Разрешение было дано голосом совершенно проснувшегося человека. Ни запинки, ни заминки. Она мягко толкнула дверь.

Он стоял у окна и смотрел на светлеющее небо, как перед этим делала она, хотя его окна были обращены не на восток, как в ее комнате. Хозяйские покои — огромная, просторная комната — смотрели на северную сторону Сандерхерста.

Увидев обширные пространства парка и лугов, Мэри-Кейт поняла, почему Арчер никогда не приказывал охранять ее. Он мог не беспокоиться, что она сбежит. Запряженная четверкой лошадей карета и за час не смогла бы добраться до границы его владений. Впечатляющий вид, молчаливое, но подавляющее напоминание о власти человека, который сделал ее своей пленницей, — сначала поддавшись гневу, потом страсти. Напоминание о том, насколько они далеки друг от друга по положению.

Ей здесь не место.

Он повернулся, когда она вошла, хотя, казалось, не удивился ее появлению. Слышал, как она собирается, или знал, что она уезжает, и сам хотел попрощаться с ней? Она не решалась спросить. Не сейчас.

— Мы так с тобой и не поговорили, — сказал он.

— Да.

— Ты хорошо себя чувствуешь? — Слабая улыбка искривила его губы.

— Да. Почему же так трудно? Почему так мучительно трудно произнести слово «прощай»? Скажи «до свидания», Мэри-Кейт, и покончи со сказками, призраками и печальными глазами. Попрощайся и возвращайся в свое сословие — к кузнецам, рыбакам или плотникам. Где боль — это ошпаренная кожа или ушибленный палец, а не страдания души.

— А ты? Как твоя рана, лучше? Он потрогал повязку на шее:

— Да. Мне сказали, что заживет быстро.

Тело — возможно, а душа? Можно ли исцелить душевную рану?

Он выглядел утомленным, словно совсем не спал. Слишком уставшим от жизни, будто видел все ее пороки, зло и ужасы. Впрочем, они оба это увидели. Поэтому и не могли говорить?

— Я пришла сказать…

У нее перехватило дыхание. Какое трудное слово — «прощай»!

— Ты должна?

— Боюсь, что да.

— Тогда будь поласковее, Мэри-Кейт. В последнее время я испытываю от правды лишь нестерпимую боль.

— От какой правды, Арчер?

Он спокойно взглянул на нее. Нет, не спокойно. Арчер Сент-Джон всегда испытывает какие-то чувства. Он охвачен ими — гневом, раздражением, презрением. А каким он будет, если отдастся радостным ощущениям — веселью, восторгу, надежде? Любви?

Он отвернулся от нее, снова созерцая Сандерхерст. Возникшее молчание нарушил смешок.

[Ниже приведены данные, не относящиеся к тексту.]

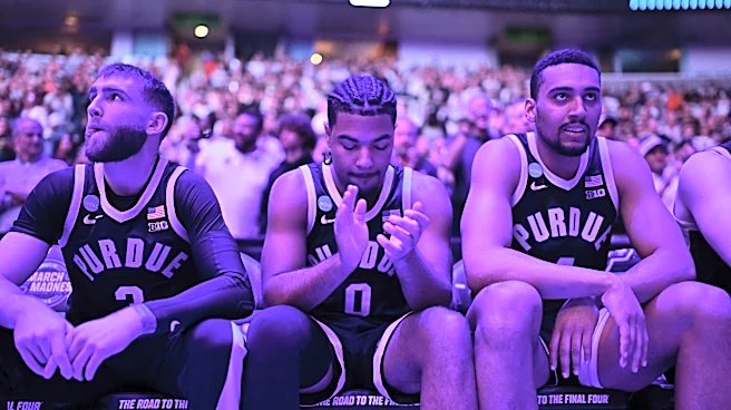 SAN JOSE, CALIFORNIA - MARCH 28: Braden Smith #3, C.J. Cox #0, and Trey Kaufman-Renn #4 of the Purdue Boilermakers wait on the bench against the Arizona Wildcats during the Elite Eight round game of the 2026 NCAA Men's Basketball Tournament held at SAP Center on March 28, 2026 in San Jose, Californi

— Ты была права, а я — нет, конечно. Ужасающе не прав, как оказалось. — Он обернулся и взглянул на нее своим орлиным взором. — Разве ты не это хотела сказать? Хотя, признаюсь, я никогда не считал тебя злорадной.

— Я тоже.

— Прости меня, — сказал он, подходя ближе. — Я причинил тебе боль. Я обречен все время разочаровывать тебя, Мэри-Кейт, — сначала своими сомнениями, потом жестокостью. Прости, — повторил он, приблизившись к ней и сжав ее плечи.

Она без труда могла освободиться от его рук, но это объятие было нужно ему точно так же, как и ей. Она шагнула к нему, чувствуя, что возвращается домой, в гнездо, уготованное ей самой природой, — в объятия Арчера Сент-Джона.

Его подбородок взлохматил ей волосы, а ее руки самовольно обхватили его за талию, словно бросили якорь. Он был таким горячим, что холод, который так долго чувствовала Мэри-Кейт, начал таять.

— Знаешь, с тех пор, как ты вошла в мою жизнь, в ней все изменилось. Или я просто стал по-другому смотреть на вещи, Мэри-Кейт?

— На какие вещи? — тихо спросила она, прижавшись щекой к его груди, как ребенок, напуганный или не желающий расставаться с защитником. Она не хочет уходить! Как ужасно, что минуты неумолимо текут!.

— Я простил Алису до того, как ее нашли. Я думал о ней не как о недостойной жене, а как о женщине, наравне со мной попавшей в ловушку нашего брака.

— Мне очень жаль, Арчер. Я ничего не знала.

Он отстранился, жадно разглядывая ее. Мэри-Кейт испугалась, если бы не увидела страха в его глазах.

— Ты чуть не погибла, Мэри-Кейт. Чуть не погибла!

И поцеловал ее, и она поцеловала его в ответ, отдаваясь непреодолимому искушению — прикосновению его губ. Сквозь пелену нежности пробивалось чувство более глубокое, сильное — желание защитить, обладать. Одним ударом когтистой лапы оно в клочья разорвало покров нежности.

Значит, вот чего она хотела. В последний раз оказаться в его объятиях, ощутить его силу, желание и страсть, которые он дарил ей с такой щедростью? Обрести воспоминания, которые останутся на всю жизнь, сохранить память о блаженстве, к которой можно обращаться холодными, одинокими ночами, согревая сердце. Она извлечет из своей памяти ощущение его губ на ее губах, нежное вторжение его языка, силу рук, прикосновение его пальцев к коже, от которого по всему телу пробегает дрожь.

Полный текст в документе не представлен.